The distanced quality of a voice immersed in richly atmospheric soundscapes that Burnett, 71, has created suggests some extraterrestrial terrain light-years away or perhaps an inner voice from deep within struggling to be heard against the noise of the outer world.

“I didn’t want it to be naturalistic,” Burnett explained while seated at a broad, elegant wood dinner table at his home in Brentwood. “I wanted it to be electronic and from another place … like it was coming from this other land where all this stuff is happening. ‘Itopia’ — that’s what I’ve been calling it.”

Wherever that voice might originate from, it’s both sounding a warning of looming dangers and offering possible responses to those perils, which reflect Burnett’s thinking two decades into the 21st century, as the world moves into an era dominated by behemoth tech monopolies and the dawn of life in the age of artificial intelligence. “The Invisible Light: Acoustic Space” is billed as the opening third of what Burnett, who has recorded with Bob Dylan, Roy Orbison, Elvis Costello and more, says will be a trilogy of releases representing “my final statement” as a recording artist.

He’s tapping a lifetime of thinking on a plethora of subjects for something of an epic poem of his own, now running about 5,000 lines, he said. That’s the source of the material for “The Invisible Light” and its forthcoming successors, a creative outpouring he considers “lyrically and musically a culmination of everything I’ve learned.” He also said he expects he’ll publish the poem in its entirety at some point and call it quits as a recording artist.
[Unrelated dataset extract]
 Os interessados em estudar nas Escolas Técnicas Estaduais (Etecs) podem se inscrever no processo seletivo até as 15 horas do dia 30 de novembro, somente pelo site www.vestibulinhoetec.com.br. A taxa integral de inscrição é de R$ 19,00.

Rather than discrete conventional songs, Burnett and his two longtime musical collaborators — percussionist Jay Bellerose and keyboardist and ambient music experimentalist Keefus Ciancia — have crafted a half-dozen extended tracks, all upward of six, seven or eight minutes long, heavy on improvisational interplay among the threesome, with Burnett’s lyrics serving as the equivalent of sheet music.

“They call it a trilogy,” he said of publicity and marketing efforts surrounding the recent release of “The Invisible Light: Acoustic Space.” “I don’t really call it that. I think of it as a long poem that we’re releasing in three editions. I’ve been writing like crazy for years, and so it has been a kind of gradual evolution.”

On one level, the album is a master-class showcase for Bellerose, whom Burnett describes as “the most musical drummer in the world today,” and Ciancia, whom he cites as one of the three most arresting electronic music composers today, along with Nine Inch Nails’ Atticus Ross and England’s Bobby Krlic from the Haxan Cloak (“They’re all taking that whole medium of electronic music to some other place that’s less machine-like,” he said, “and more human and more far-out”).

“We call it ‘Trip Visualist’ music,” he said with a light remnant of Texas drawl reflecting his upbringing in Fort Worth. “In a way, it’s music that we’ve composed for a film that hasn’t been made yet. And we’re scoring it to these lyrics.”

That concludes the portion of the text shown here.